The metering motor 45 rotates the screw 43.

The injection motor 46 advances and retracts the screw 43. The rotary motion of the injection motor 46 is converted into a linear motion of the screw 43 by the motion conversion mechanism 51. As shown in FIG. 3, the motion converting mechanism 51 has a screw shaft 52 and a screw nut 53 screwed onto the screw shaft 52. A ball or a roller may be interposed between the screw shaft 52 and the screw nut 53.

The injection motor 46 and the motion conversion mechanism 51 are arranged symmetrically with respect to the center line of the cylinder 41 and the screw 43 when viewed from above. The number of injection motors 46 and the number of motion conversion mechanisms 51 are not particularly limited, and may be one, for example.

The pressure detector 47 is provided in the force transmission path between the injection motor 46 and the screw 43, and detects the load acting on the pressure detector 47. The pressure detector 47 sends a signal indicating the detection result to the control device 90. The detection result of the pressure detector 47 is used for controlling and monitoring the pressure that the screw 43 receives from the molding material, the back pressure on the screw 43, the pressure acting on the molding material from the screw 43, and the like.

The injection device 40 performs a filling process, a pressure-holding process, a measuring process, and the like under the control of the control device 90.
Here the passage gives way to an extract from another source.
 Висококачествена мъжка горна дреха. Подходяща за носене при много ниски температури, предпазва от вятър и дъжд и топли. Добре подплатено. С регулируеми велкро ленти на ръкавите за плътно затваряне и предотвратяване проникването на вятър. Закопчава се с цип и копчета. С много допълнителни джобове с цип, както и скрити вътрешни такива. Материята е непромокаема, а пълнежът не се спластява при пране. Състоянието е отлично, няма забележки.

In the filling step, the injection motor 46 is driven to move the screw 43 forward at a set speed, and the liquid molding material accumulated in front of the screw 43 is filled in the cavity space in the mold device. The position and speed of the screw 43 are detected by using the encoder of the injection motor 46, for example. The encoder of the injection motor 46 detects the rotation of the injection motor 46 and sends a signal indicating the detection result to the control device 90. When the position of the screw 43 reaches the set position, switching from the filling process to the pressure holding process (so-called V/P switching) is performed. The set speed of the screw 43 may be changed according to the position and time of the screw 43.

In addition, after the position of the screw 43 reaches the set position in the filling process, the screw 43 may be temporarily stopped at the set position and then V/P switching may be performed. Immediately before the V/P switching, instead of stopping the screw 43, the screw 43 may be slightly advanced or slightly retracted.
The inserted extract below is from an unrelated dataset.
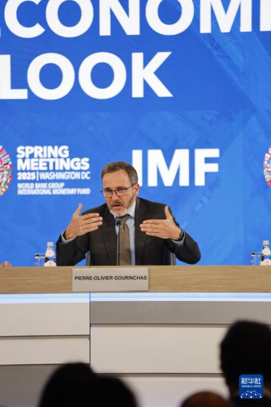 4月22日,在美国华盛顿,国际货币基金组织(IMF)首席经济学家皮埃尔-奥利维耶·古兰沙出席《世界经济展望报告》新闻发布会。新华社记者 谢锷 摄

In the pressure-holding step, the injection motor 46 is driven to push the screw 43 forward at a set pressure to apply pressure to the molding material in the mold device. A shortage of molding material due to cooling shrinkage can be replenished. The pressure of the molding material is detected using, for example, the pressure detector 47. The pressure detector 47 sends a signal indicating the detection result to the control device 90.

In the pressure holding step, the molding material in the cavity space is gradually cooled, and when the pressure holding step is completed, the inlet of the cavity space is closed with the solidified molding material. This state is called a gate seal and prevents backflow of the molding material from the cavity space. After the pressure holding step, the cooling step is started. In the cooling step, the molding material in the cavity space is solidified. A metering step may be performed during the cooling step to shorten the molding cycle.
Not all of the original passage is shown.